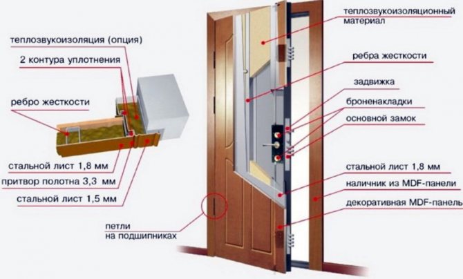- Matériaux de base: plastique, métal, bois, MDF massif. Les portes blindées et métal-plastique dans 90% des cas sont réalisées avec une bande.
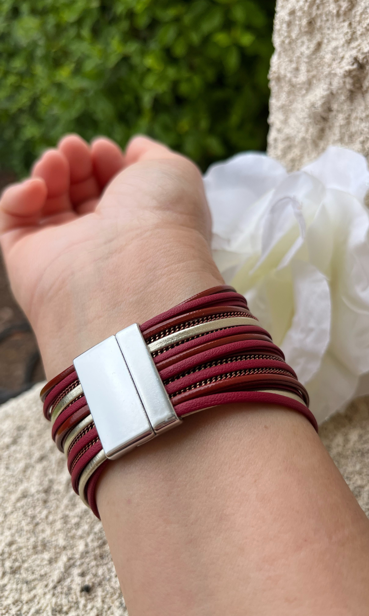 This beautiful boho inspired wide wrap leather bracelet is perfect for those who like the simple and elegant look. Made from high quality hand cut leather with a strong magnetic clasp. It is beautiful as it is durable. You’ll love this unique and stylish look on your wrist. A sister favorite!
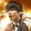 一个小男孩正在桌子上拿着水杯喝水,旁边小狗对着他笑
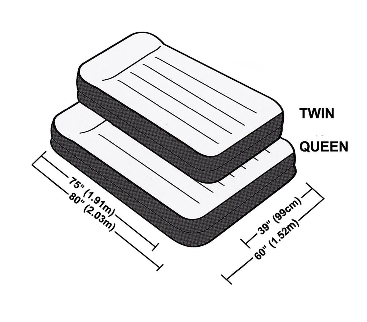 Let op: Het ligoppervlak kan tot 10 cm afwijken van de productlengte, houd hier rekening mee tijdens het bestellen. Bij het eerste gebruik moet het materiaal eventueel nog uitrekken, ’s ochtends wat nieuwe lucht toevoegen is dan wellicht nodig.

______

== Your instructions ==
Extract all the data above exactly, excluding every picture.

== Exercise result ==
- Matériaux de base: plastique, métal, bois, MDF massif. Les portes blindées et métal-plastique dans 90% des cas sont réalisées avec une bande.
 This beautiful boho inspired wide wrap leather bracelet is perfect for those who like the simple and elegant look. Made from high quality hand cut leather with a strong magnetic clasp. It is beautiful as it is durable. You’ll love this unique and stylish look on your wrist. A sister favorite!
 一个小男孩正在桌子上拿着水杯喝水,旁边小狗对着他笑
 Let op: Het ligoppervlak kan tot 10 cm afwijken van de productlengte, houd hier rekening mee tijdens het bestellen. Bij het eerste gebruik moet het materiaal eventueel nog uitrekken, ’s ochtends wat nieuwe lucht toevoegen is dan wellicht nodig.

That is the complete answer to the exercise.